In one case, the Associated Milk Producers Incorporated, or AMPI, pledged $2 million to the campaign. In return, Nixon jacked up the federal subsidy for milk.
“It was a simple trade,” says Richard Reeves, who covered the scandal as a reporter and later wrote about it in his book, Richard Nixon, Alone in the White House. “Nixon got $2 million for charging American consumers $100 million.”
The deal was sealed on May 23, 1971. In the morning, Nixon met with AMPI leaders in the Cabinet Room. Then he left, as his aides nailed down the deal.
Nixon’s secret taping system was recording later that afternoon, when he signed off on the trade in the Oval Office: more campaign cash for higher milk prices.
Reeves says the meeting broke up shortly after that. “Everybody stood up. And John Ehrlichman, the president’s counsel, said, ‘Well, we better get ourselves some milk before the price goes up. Let’s get it while it’s still cheap.'” There’s laughter on the tape.
Reeves continues: “After the deal was worked out, at midnight, the Nixon people met with the milk producers. And that’s where the money passed hands.”
The head of AMPI and one of its lobbyists eventually went to prison. Overall, the Watergate prosecutor nailed 21 corporations for making illegal, secret contributions.
Now, 40 years later, AMPI has almost no presence in Washington. But if it did, the new rules of campaign finance provide a way to do what was illegal in 1971. AMPI would have to avoid a candidate’s campaign committee. But it could give any amount it wanted to a presidential super PAC, a new creation in the 2012 elections.
There are super PACs for all of the major presidential contenders. One is Make Us Great Again, which is backing Texas Gov. Rick Perry. It’s currently running ads in South Carolina announcing that Perry can deliver “conservative leadership that works.” MUGA, as it’s known, is not officially connected to Perry’s presidential operation. But as an example of how thin the line is between official and de facto ties, MUGA’s founders include Perry’s former chief of staff.
“The contribution limits are pretty meaningless,” says Meredith McGehee of the Campaign Legal Center, which supports stronger campaign finance laws.
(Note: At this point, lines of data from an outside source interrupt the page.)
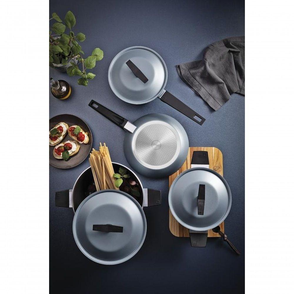Jogo De Panelas Tramontina Spezia Induction Azul Ardósia 4 Peças Em Alumínio Com Revestimento AntiaderenteMais leveza no preparo e resultados que fazem a diferença. O jogo de panelas Tramontina Spezia Induction, com 4 peças em alumínio e revestimento antiaderente Starflon Excellent na cor azul ardósia, garante cozimento rápido, uniforme e sem desperdício. As tampas em alumínio facilitam o uso no dia a dia, enquanto cabos e alças com acabamento soft-touch oferecem manuseio e confortável, mesmo durante o preparo prolongado. com todos os tipos de fogão, inclusive por indução, é uma escolha versátil para quem valoriza eficiência e visual moderno na cozinha.Recomendações de Uso:Modo de Uso: ;A capacidade volumétrica máxima para cozimento é de 3/4 da capacidade total da peça. Posicione o cabo do utensílio voltado ao centro do fogão. Em fogões com grade, centralize a peça sobre a chama ou fonte de calor e alinhe o cabo com a grade. Utensílios quentes devem estar fora do alcance das crianças. Antes do primeiro uso, lave com esponja macia, sabão neutro ou detergente líquido. Depois de secar, unte a área interna com óleo ou gordura e leve ao fogo por um ou dois minutos. Deixe esfriar e lave novamente. Seu utensílio Starflon está pronto para uso com ou sem gordura, sempre em fogo baixo ou médio (nunca superior a 260 ºC). Em fogões de indução, usar somente em potência baixa ou média e evitar a movimentação da peça para prevenir riscos na superfície do fogão. Ao manusear seu utensílio aquecido, cuide para não arranhar/riscar o revestimento externo. Evite manchas, não deixando escorrer gordura e alimentos na área externa da peça. Caso esta situação ocorra, é recomendado realizar a limpeza imediata do com um pano umedecido em água. Para mexer os alimentos use somente utensílios de silicone, nylon ou madeira. Com o uso, a alça, o cabo e o pegador podem afrouxar devido à dilatação normal dos materiais. Reaperte apenas o suficiente, sem forçar. Limpeza: Evite a imersão do utensílio quente em água fria. Nunca utilize produtos abrasivos na lavagem. Se deixar queimar alimentos, umedeça a área e reserve até que possa remover os resíduos grudados com esponja e sabão. Para maior durabilidade não utilize em máquinas de lavar. Para descarte do produto e embalagem siga as orientações de reciclagem vigentes.- Foto meramente ilustrativa.Informações Adicionais:- Tampas de alumínio: fácil limpeza e leveza no manuseio;- Pegadores de nylon. Para maior durabilidade não utilize em máquinas de lavar;- Cabos e alças de baquelite com acabamento soft-touch: oferecem resistência e conforto;- Fundo de indução: mais e rapidez no cozimento! indutivo 15,0 centímetros;- Revestimento interno e externo de antiaderente Starflon Excellent carbono que não gruda, é fácil de limpar, mais durável e não é prejudicial à saúde, pois é livre de PFOA.
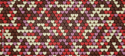 Fototapeta premium 小さなハートの形のチョコレートが規則的に並んだ背景画像。
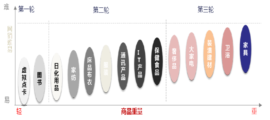 电商起步阶段主要依靠价值低、货物体积小的商品,而随着电商的逐步成熟和快递行业的迅猛发展,高价值、体积大、非标准化外形的商品迎来了发展机遇。据天猫2019年“双十一”数据显示,本次共有103个家具家电品牌进入“亿元俱乐部”,同比增加24.10%,占“亿元俱乐部”品牌总数的34.45%。

She says, “You can give the money you want to the candidate directly, and then you can give unlimited amounts to the super PAC.”
As fundraising conduits, super PACs do have a flaw. They have to disclose corporate contributions. But the new rules have a way around that too. Donors can give to a so-called issue group that is connected to the super PAC.
An issue group called Priorities USA operates alongside a super PAC called Priorities USA Action. They’re both run by a former Obama White House aide.
The super PAC discloses its donors; the issue group does not, even while running what seem like campaign ads. A spot now on the air accuses Republicans of wanting “the largest cut to student grants in history.” It adds, “But President Obama has a plan to help.”
Several of the presidential candidates benefit from this arrangement. Former federal election commissioner Karl Sandstrom has a term for it: public anonymity and private disclosure.
“That means the public may be in the dark about who contributes. But the beneficiaries — the officeholders and the candidates — are aware of who contributes,” he says.
In fact, candidates can even help super PACs solicit cash. Just imagine, says campaign finance lawyer Dan Backer, if Nixon had had a super PAC.
Backer says Nixon would be at the kick-off reception, pitching a prospective donor, “and Nixon says, ‘You need to support Nixon super PAC. We need your help.’ And then a staffer from the super PAC comes up and says, ‘So listen, you can cut a check in any amount. What would you like to give us? A million dollars?'”
Backer says the law is going in the right direction, treating corporations as people. “The law’s the same for everybody,” he says. “Doesn’t matter who you are, what kind of speaker you are, what you believe in, the law’s going to treat you the same as long as you’re not engaging in corrupt behavior.”
That’s the hard part, of course, finding the corrupt behavior. Most politicians don’t bug their own offices, the way Nixon did.